Dataset information
Available languages
German
Keywords
Geodaten, Karten, Monitoring Soziale Stadtentwicklung, 2009, Berlin
Dataset description
The update of the Monitoring Social Urban Development 2009 presented here evaluates for the first time socio-structural data for the observation period 31.12.2007 to 31.12.2008 exclusively at the level of the 447 planning rooms (smallest level of the world-oriented spaces/LOR).
With the update of the Monitoring Social Urban Development in 2009, the statistical method of the stepped index calculation will continue in the same way as monitoring in 2008 and 2007. The 12 indicators of the 2008 monitoring will be maintained except for one exception: the indicator Status 6 “Foreigner’s share under 18” is replaced by the “share of people with a migrant background under 18 years”, as this data is now also available in small-scale areas. In contrast to the monitoring reports produced at traffic cell level in 2008 and 2007, this new indicator enters into the result calculation of the indices.
Data have been differentiated since 2007 between indicators describing the social situation in a neighbourhood (“status”) and indicators designed to characterise the change in the population of the area in the past year (“dynamics”). Status indicators include unemployment, transfer and migrant background data; on the dynamic indicators data on mobility (selective migrations) and the changes of individual status indicators. From the six status indicators and the six dynamic indicators, a status index and a dynamic index are first formed in the stepped calculation method. In a next step, the development index is calculated from the status and dynamic index in a ratio of 3:2. The development index depicts the social problem in the area as a value: the higher the value, the higher the social problem. According to the determined ranking of the regions, deciles (each 10 percent) are formed and grouped into four groups of the development index: high (upper 20 percent), medium (60 percent), lower (ultimately 10 percent) and very low development index (last 10 percent).
There is a need for intervention and prevention in areas with a very low development index, according to these — quantitative — findings of urban development policy intervention. In order to define concrete measures in each area, in addition to the quantitative analysis, in-depth and in particular qualitative considerations are needed.

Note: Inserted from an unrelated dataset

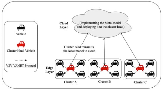 Machine learning (ML) has great potential to improve road safety by predicting hidden patterns that lead to traffic accidents. Predictive analytics can analyze extensive historical traffic data to identify accident patterns and trends, enabling targeted interventions and preventive measures [2,3,4]. Real-time monitoring systems, powered by ML algorithms, quickly identify hazardous situations on the road, such as reckless driving or pedestrian crossings, triggering immediate alerts for corrective actions [5,6]. ML enhances self-driving car technology by reducing human error. It learns from various driving situations, helping vehicles make better decisions to avoid collisions [7]. The application of federated learning in transportation has paved the way for predicting traffic flow and managing heavy traffic on railway systems [8,9,10]. However, developing a FL-based system with VANET technology is still in its early stages.

Despite the change of the spatial level from the 338 traffic cells to the 447 planning rooms, the results of the 2009 monitoring are similar to those of 2008: The development index shows a strong spatial concentration of the planning spaces with a “very low development index”. As in the past, the western inner-city areas represent the most problematic types of areas in Berlin. Spatial concentrations are present in Neukölln-Nord, Wedding, Moabit and Kreuzberg-Nord. On the outskirts of the city, negative development tendencies (Marzahn-Hellersdorf, Spandau) have continued to grow in the large settlement areas and have partly expanded in terms of space. These five large, contiguous areas with the highest concentration of the most problematic areas, already named in the 2008 monitoring, form the core of the “action areas plus” defined by the Senate Department for Urban Development. The eastern inner-city areas, on the other hand, have continued to stabilise.